A social currency exchange website launched in Hungary
After taxi drivers and hotel owners, money-changers can also start dreading social business. Following the pattern of Uber and Airbnb, the recently launched Midrate.com aims to introduce commission-free currency exchange. Origo.hu believes that the name – midrate – suggests what they have to offer.
You can enter their website with your Facebook profile and give the type of currency you’d like to buy or sell with only a few clicks. You can think outside the euro-forint relation because you could even buy Icelandic krona for Croatian kuna – if your demand meets with a similar supply.
Regarding the trade in Budapest, it’s probably mostly about euro exchange, because not too many people have joined Midrate so far. One client wanted to buy kuna, but the transaction lasted for one week, so if you’re in urgent need of foreign currency, you might want to get rare ones from different sources.
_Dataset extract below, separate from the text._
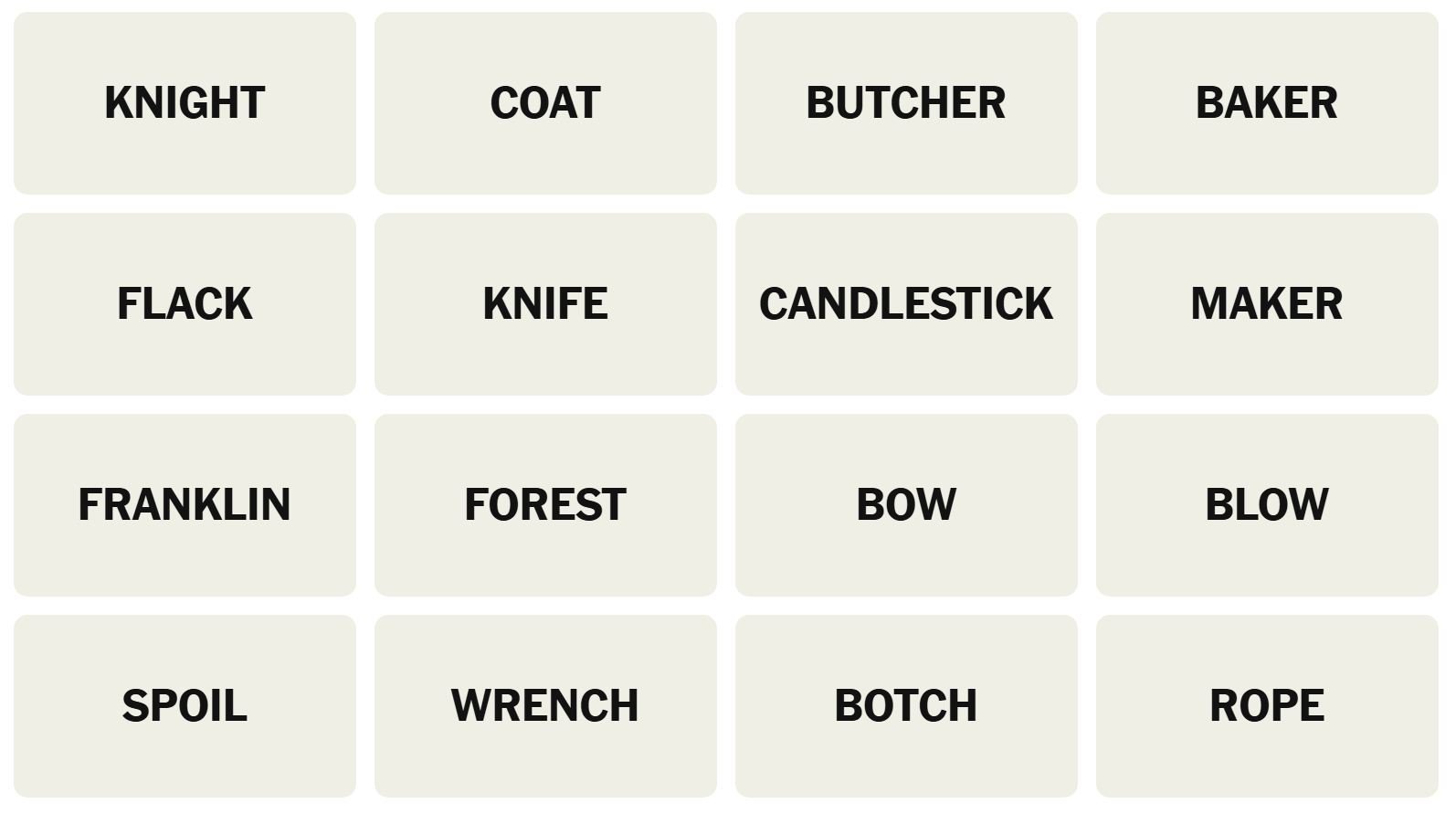 There are sixteen words for the Connection puzzles, which are:

Origo tried to contact the Hungarian operators of the website, but they haven’t received answers yet. However, they managed to find out that the website and service was created by Midrate S.L., a company based in Pamplona, Spain.
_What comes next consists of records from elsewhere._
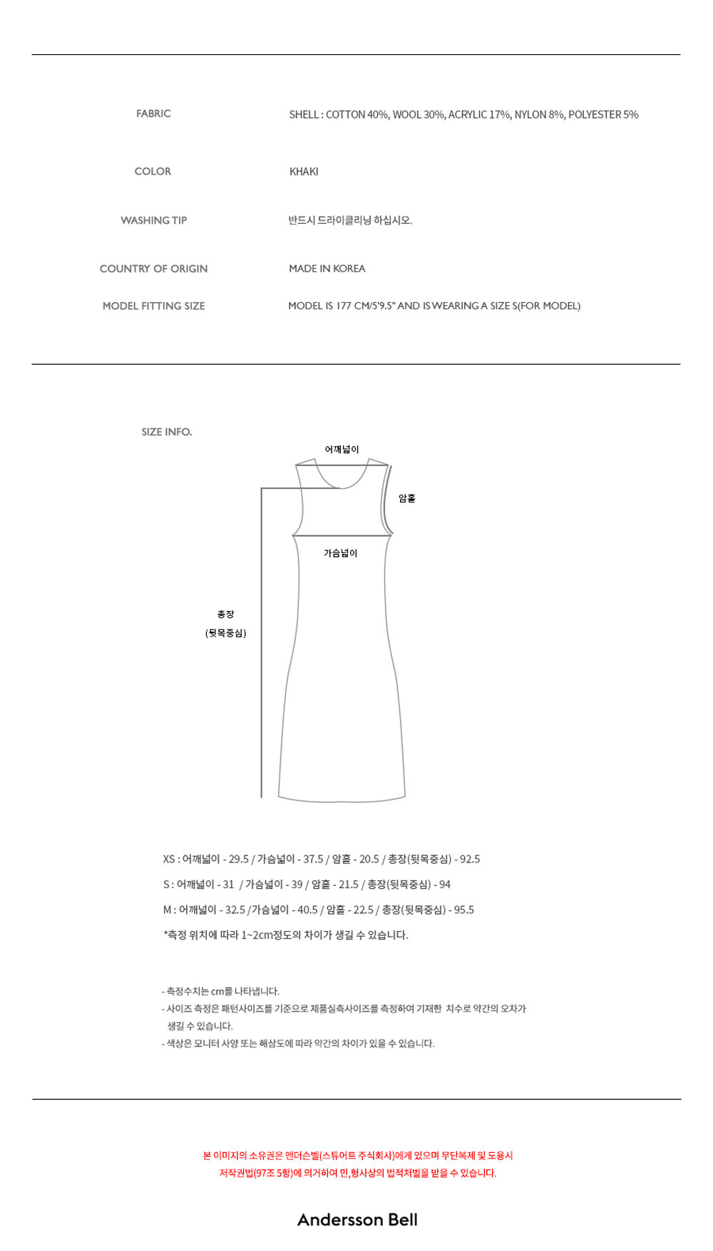 ADSB 앤더슨벨 우먼 그런지 슬리브리스 니트 원피스 카키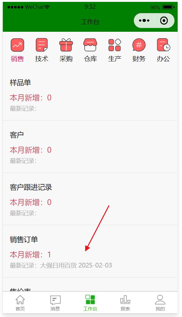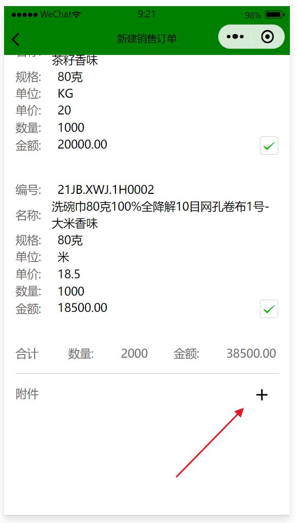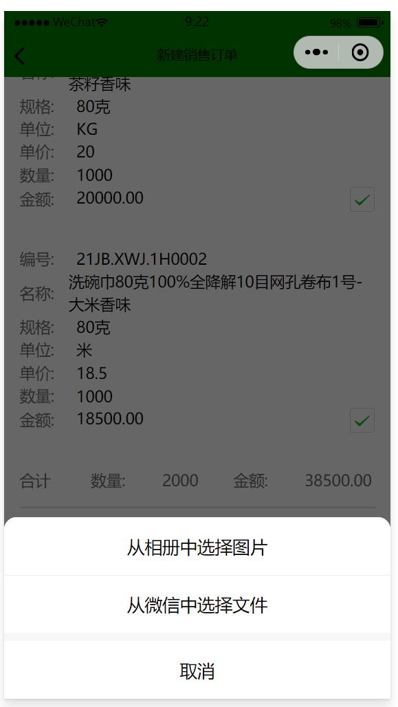 反审批 审批后的单据不会出现在待审批记录中,可以在工作台中找到该订单进行反审批 点反审核即可 产品图片 产品图片可以从手机端的商品表中直接上传,也可以从PC端的物料编码表中上传,图片会自动同步到手机端 新建 可以通过微信小程序直接做销售订单 使用手机做销售订单可以实现出差在外或异地办公的人员也能直接下销售订单,数据会实时同步到PC端,PC端人员在ERP系中继续完成该订单的后续业务。 1、点新建 相关知识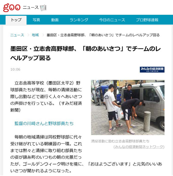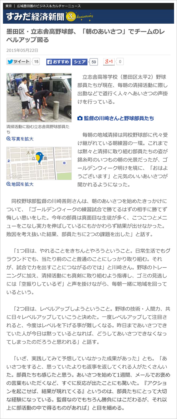クラブ 野球部 立志舎高校野球部 朝の清掃、あいさつがすみだ経済新聞に掲載されました 2015年5月22日 立志舎高校野球部の毎朝の清掃活動とあいさつの声掛けが「すみだ経済新聞」に掲載されました。 post

The business was started in the summer of 2014. It arrived in Hungary last summer, but its popularising campaign only started in the beginning of this year. They have a Hungarian website and Facebook page, but that’s about it when it comes to information about the Hungarian operators and the parent company.
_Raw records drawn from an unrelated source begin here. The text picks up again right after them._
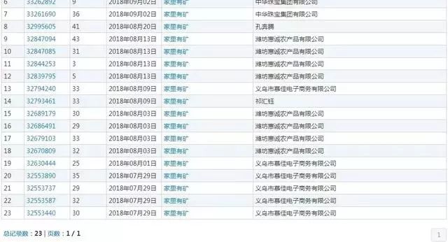 該詞的商標申請共有23件申請記錄,其中濰坊某公司為化妝品等申請了第3類。忍不住調侃:家里有礦牌化妝品,知道嗎?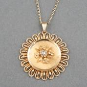 14kt gouden gourmet schakelcollier, waaraan een ronde gesatineerde hanger met bloemdecor en gezet met roosdiamantje, brutogewicht 13,6 gram, 42 cm, Ø 3,5 cm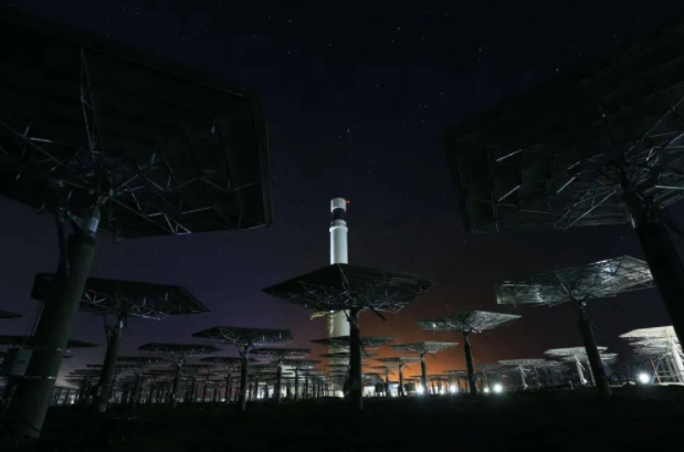 吸熱塔中的熔鹽吸收熱量,將約300℃的熔鹽加熱成560℃的高溫熔鹽,再經(jīng)過熱能交換產(chǎn)生高溫高壓蒸汽,推動汽輪發(fā)電機發(fā)電。整個項目配置了13小時儲熱系統(tǒng),能夠確保機組24小時連續(xù)、穩(wěn)定地運行。同時由于采用熔鹽作為儲熱介質,可以滿足電網(wǎng)需要,隨時進行負荷調(diào)整。相比傳統(tǒng)發(fā)電,光熱發(fā)電最大優(yōu)勢是能夠將熱能儲存,熔鹽的余溫可以在夜間繼續(xù)推動發(fā)電,實現(xiàn)24小時持續(xù)發(fā)電,就像“蓄電池”,白天充電,晚上放電,同時也不受云層干擾。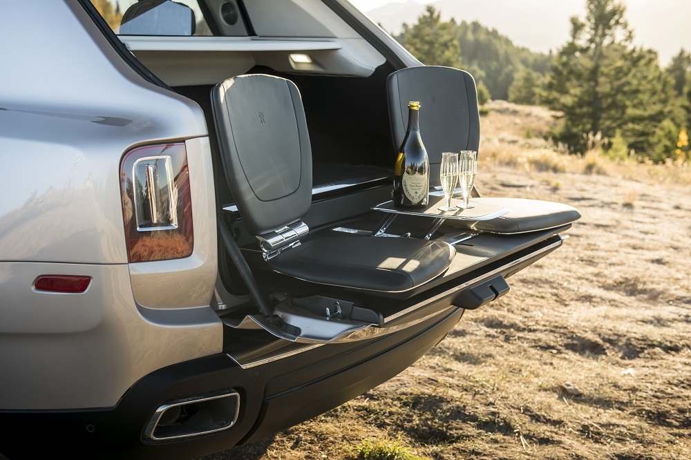 Rolls-Royce Cullinan имеет ряд уникальных опций, обеспечивающих этому автомобилю особенную индивидуальность. Самая необычная опция называется Viewing Suite. Под этим названием подразумеваются раскладные кресла и столик для коктейлей. Все это добро выдвигается из багажного отделения по нажатию кнопки. Зачем это? Чтобы водитель роскошного внедорожника мог поставить его задом к обрыву или берегу реки, выдвинуть коктейльный столик и, озирая красивые виды, медленно потягивать… тыквенный сок.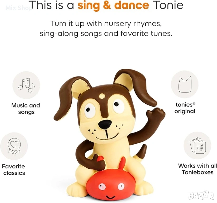 КАК РАБОТИ: Възпроизвеждането започва автоматично, когато аудиогероите на Тонита се поставят върху Toniebox. Натискането на ушите променя силата на звука. Докосването отстрани променя песните. Контролерът Tonieplay [продава се отделно] взаимодейства с 2-та светлинна пързалка на Toniebox, за да отключи интерактивни преживявания.

One thing is for sure: the service is completely free of charge, and the big innovation lies in the creation of a joint platform for those who want to buy and sell currency. The website calculates the desired sum based on the current midrate, and then lists the offers, out of which you can choose the one you like the most to start the actual business (you see the FB profile picture of your potential business partners).
So the sale happens between the two people, the company does not interfere with the transfer, it only mediates. Since these are cash cases, there’s no limitation of the offers, because the form determines the values of the business and, realistically, most people don’t walk around with millions of euros in their pockets.
According to the operational policy, the company does not ask for any type of fee, but they don’t exclude that this could change in the future. This means that if the service was to flourish, and crowds were to use it, they would ask for some commission for the use of the website or the downloading of the mobile application.
This fee will probably be less than the exchange rate gap used by money-changers so that joining Midrate would still be worth it. Origo promises to update the article as soon as they get answers from the company.